State-of-the-art Entity Matching approaches rely on transformer architectures, such as BERT, for generating highly contextualized embeddings of terms. The embeddings are then used to predict whether pairs of entity descriptions refer to the same real-world entity. BERT-based EM models demonstrated to be effective, but act as black-boxes for the users, who have limited insight into the motivations behind their decisions. In this paper, we perform a multi-facet analysis of the components of pre-trained and fine-tuned BERT architectures applied to an EM task. The main findings resulting from our extensive experimental evaluation are (1) the fine-tuning process applied to the EM task mainly modifies the last layers of the BERT components, but in a different way on tokens belonging to descriptions of matching/non-matching entities; (2) the special structure of the EM datasets, where records are pairs of entity descriptions, is recognized by BERT; (3) the pair-wise semantic similarity of tokens is not a key knowledge exploited by BERT-based EM models; (4) fine-tuning SBERT, a pre-trained version of BERT on the sentence similarity task, i.e., a task close to EM, does not allow the model to largely improve the effectiveness and to learn different forms of knowledge. Approaches customized for EM, such as Ditto and SupCon, seem to rely on the same knowledge as the other transformer-based models. Only the contrastive learning training allows SupCon to learn different knowledge from matching and non-matching entity descriptions; (5) the fine-tuning process based on a binary classifier does not allow the model to learn key distinctive features of the entity descriptions.

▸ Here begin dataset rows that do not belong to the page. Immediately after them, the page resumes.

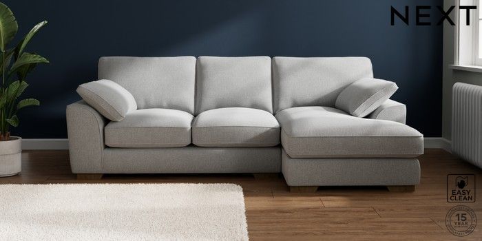 7.3.1 Buy Stamford Grand Relaxed Sit Medium Sofa Chaise - Right Hand Tweedy Blend Easy Clean Light Silver Grey Large Square Angle - Mid from the Seasons online shop Click here to use our website with more accessibility support, for example screen readers
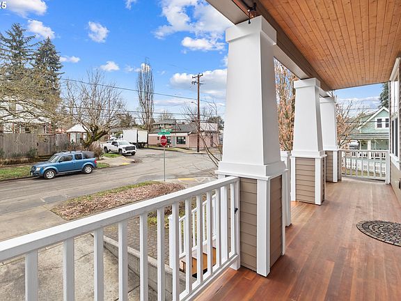 Cathedral Park Modern Foursquare Home with Willamette River View. Charming covered front porch. Gorgeous architectural features, boxed ceilings, pillars, and 5 panel doors. Entry with open staircase. Living room with hardwood floors, boxed ceilings, and fireplace. Light and bright, open modern kitchen with granite tops, an expansive island, tons of counterspace, and a glass pane door that leads out to an ample deck with a river view and backyard access. Owners suite upstairs with your own private balcony to enjoy the river as well as double sinks, a walk-in closet and a private soak tub. Separate laundry room upstairs with storage. Partially finished downstairs, a perfect bonus area with potential to finish for whatever fits your needs best. Private fenced yard with uncovered and covered patio space to enjoy the outdoors. Central air. Close to the beautiful Cathedral Park and boat ramp plus St. John's highly rated shops and restaurants. Well maintained, only 1 owner! Click the virtual tour link for a 3D home tour and floorplan! [Home Energy Score = 9. HES Report at https://rpt.greenbuildingregistry.com/hes/OR10070053]
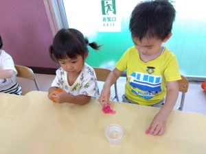 りんご組さんはというと、いちご組のお友だちと一緒にジェル粘土を楽しんでいましたよ
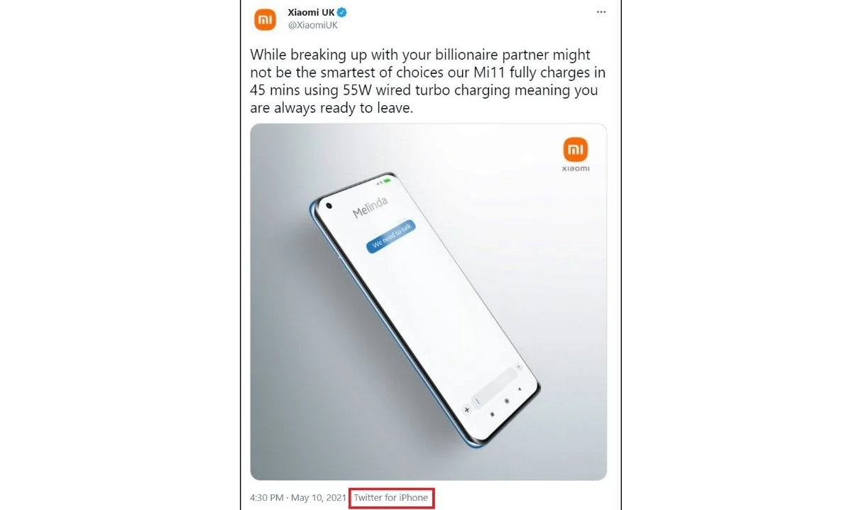 "Milyarder eşinizden ayrılmak en akıllıca seçenek olmayabilir ancak Mi 11'imiz 55W kablolu turbo şarjı kullanarak 45 dakikada tam şarj olur, yani ayrılmaya daima hazırsınız demektir" ifadelerine yer veriyor. Evet, ne yazık ki Xiaomi Birleşik Krallık bu tweetinde Mi11'in hızlı şarj özelliğini öne çıkarmak için Bill Gates ile eşi Melinda Gates'in almış olduğu boşanma kararına göndermede bulunuyor.Üstüne üstlük tweet yeterince kötü değilmiş gibi üstüne bir de hadsiz bir görsel eklenmiş. Söz konusu görselde Melinda adlı bir kişiden gelen mesajda
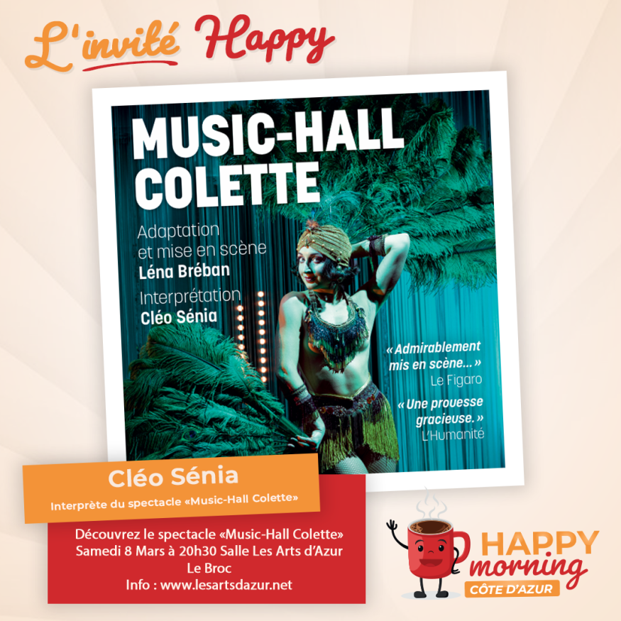 Dans l'émission happy morning Côte d'Azur, Loric reçoit l'artiste Cléo Sénia du "Music-Hall Colette". Présentation et questions / réponses sont au programme de cet interview.

最先进的实体匹配方法依赖于变压器架构,例如BERT,用于生成高度上下文化的术语嵌入。然后使用嵌入来预测实体描述对是否指向相同的现实世界实体。基于bert的EM模型被证明是有效的,但对于用户来说,它就像黑盒子一样,用户对其决策背后的动机了解有限。在本文中,我们对应用于EM任务的预训练和微调BERT架构的组件进行了多方面的分析。我们广泛的实验评估得出的主要发现是:(1)应用于EM任务的微调过程主要修改BERT组件的最后一层,但以不同的方式修改属于匹配/非匹配实体描述的令牌;(2) BERT识别EM数据集的特殊结构(记录是实体描述对);(3)标记的成对语义相似度不是bert EM模型利用的关键知识;(4)微调SBERT,这是BERT在句子相似任务(即接近EM的任务)上的预训练版本,不能使模型在很大程度上提高有效性和学习不同形式的知识。为EM定制的方法,如Ditto和SupCon,似乎依赖于与其他基于变压器的模型相同的知识。只有通过对比学习训练,SupCon才能从匹配和不匹配的实体描述中学习到不同的知识;(5)基于二元分类器的微调过程不允许模型学习实体描述的关键显著特征。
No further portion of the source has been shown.